There is certainly a high degree of compulsion associated with attending IAPT services, with people being told that if they do not attend IAPT interventions then their benefits may be stopped. This seems counter to the idea of patients’ voluntary engagement, with the notion of ‘opt in’ being the sole indicator of patient willingness for participation. My personal opinion is that there is no real choice and no other type of treatment offered if they refuse. IAPT is a service where clear up target rates appear to be more important than the quality of the treatment and ‘one size’ most certainly does not fit all.
I am of the opinion that my colleagues who are Psychological Wellbeing Practitioners would benefit greatly from having knowledge and experience of mental health since my experience was that most of the higher level CBT Practitioners were and are mental health nurses by discipline. Whilst I am critical of IAPT, I am also critical of mental health services and for this reason I am currently aiming to change direction and to re-train in the area of Psychology.

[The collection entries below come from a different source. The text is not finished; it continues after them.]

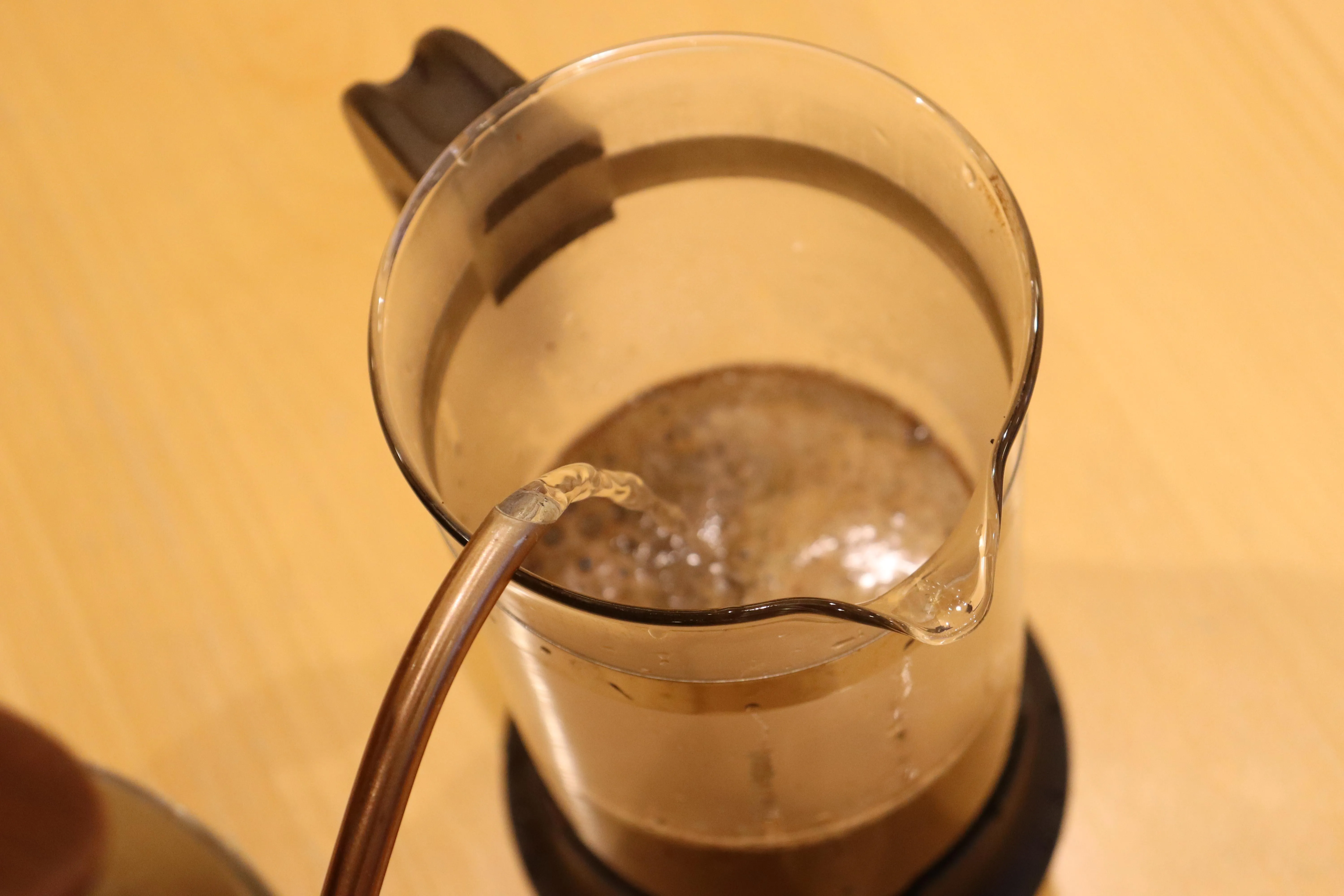 「お湯を注ぐときに泡立つ泡…アクではありませんよ。これは珈琲のアロマオイルです!」と講師。
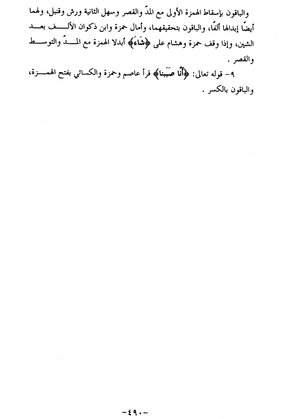 والباقون بإسقاط الهمزة الأولى مع المدّ والقصر وسهل الثانية ورش وقنبل، ولهما أيضا إبدالها ألفا، والباقون بتحقيقهما، وأمال حمزة وابن ذكوان الألف بعد الشين، وإذا وقف حمزة وهشام على شاءَ أبدلا الهمزة مع المدّ والتوسط والقصر.
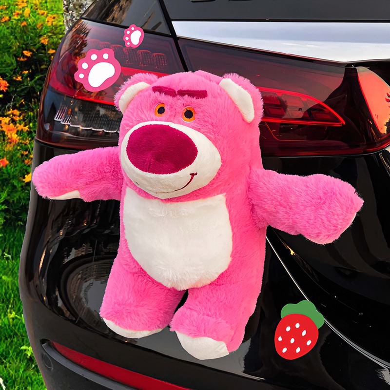 Ornamen bagasi boneka mobil, liontin ekor mobil luar boneka dekorasi sepeda motor kartun stroberi beruang lucu
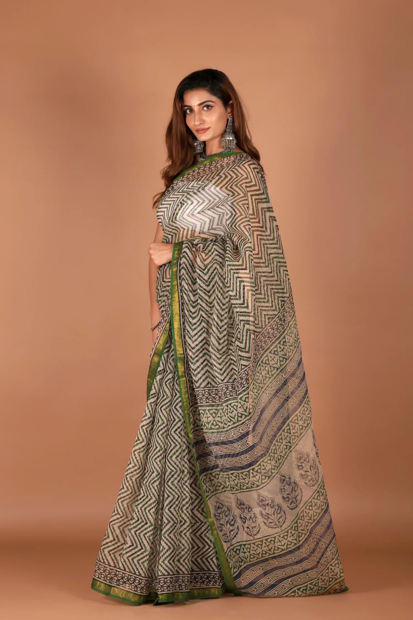 Elevate your everyday grace with this handcrafted Kota Doria saree, featuring rhythmic chevron patterns in earthy tones accented by a vibrant green zari border. The intricate design flows across th...

Anonymity protected Dr Mike Scott
One reply on “IAPT Behind Closed Doors – Compulsion and Inadequate Training”
Only one person in the training class of 37 high intensity therapists that I was in was an ex mental health nurse, so seems that the profile of trainees varies a lot according to areas. There were many psychologists in the IAPT services I worked in, and a number senior psychologists colluded with the system as it is hard to get senior psyc roles these days, and some loved all the young psyc grad PWPs looking up to them and wanting to please them so they can get references to get on further training, so I don’t think the discpline is the reason why the system is as it is.